* [WHAT TO PRODUCE]: Find "A vintage wooden" in the listing below, then set down only that line and each later line, unchanged, leaving out pictures.

* [INFORMATION SHOWN]:
####
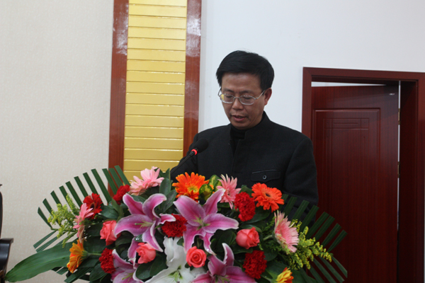 图为学工部长王君成在作大会发言。
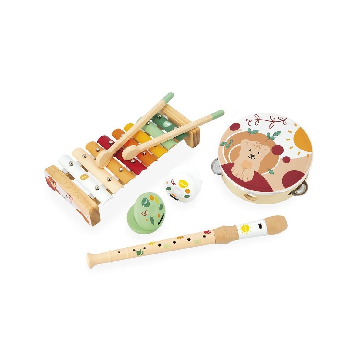 Musique maestro ! Accompagnez Léo le lionceau dans ses aventures au c?ur de la savane africaine avec ce joli set musical coloré. Ce set se compose d'un xylophone avec 8 tonalités, d'un tambourin, d'une flûte et de deux castagnettes. Votre enfant disposera d'un équipement complet pour découvrir les s
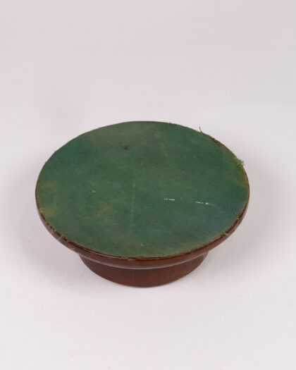 A vintage wooden display plinth stand featuring a rich brown finish and a green felt base. This classic plinth is ideal for displaying collectibles, small sculptures, or other treasured items. The wooden construction provides a sturdy and elegant foundation, while the felt base protects surfaces and adds a touch of sophistication. In good condition with some age-related wear, this plinth will make an excellent addition to any home or collection.
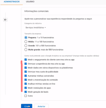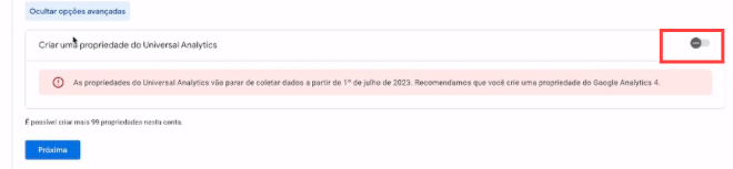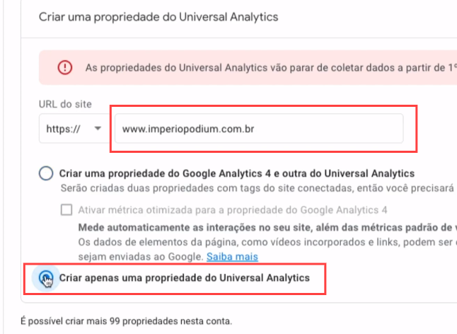 17. Insira a URL do site e marca a opção Criar apenas uma propriedade do Universal Analytics
####
* [YOUR RESPONSE]:
 A vintage wooden display plinth stand featuring a rich brown finish and a green felt base. This classic plinth is ideal for displaying collectibles, small sculptures, or other treasured items. The wooden construction provides a sturdy and elegant foundation, while the felt base protects surfaces and adds a touch of sophistication. In good condition with some age-related wear, this plinth will make an excellent addition to any home or collection.
 17. Insira a URL do site e marca a opção Criar apenas uma propriedade do Universal Analytics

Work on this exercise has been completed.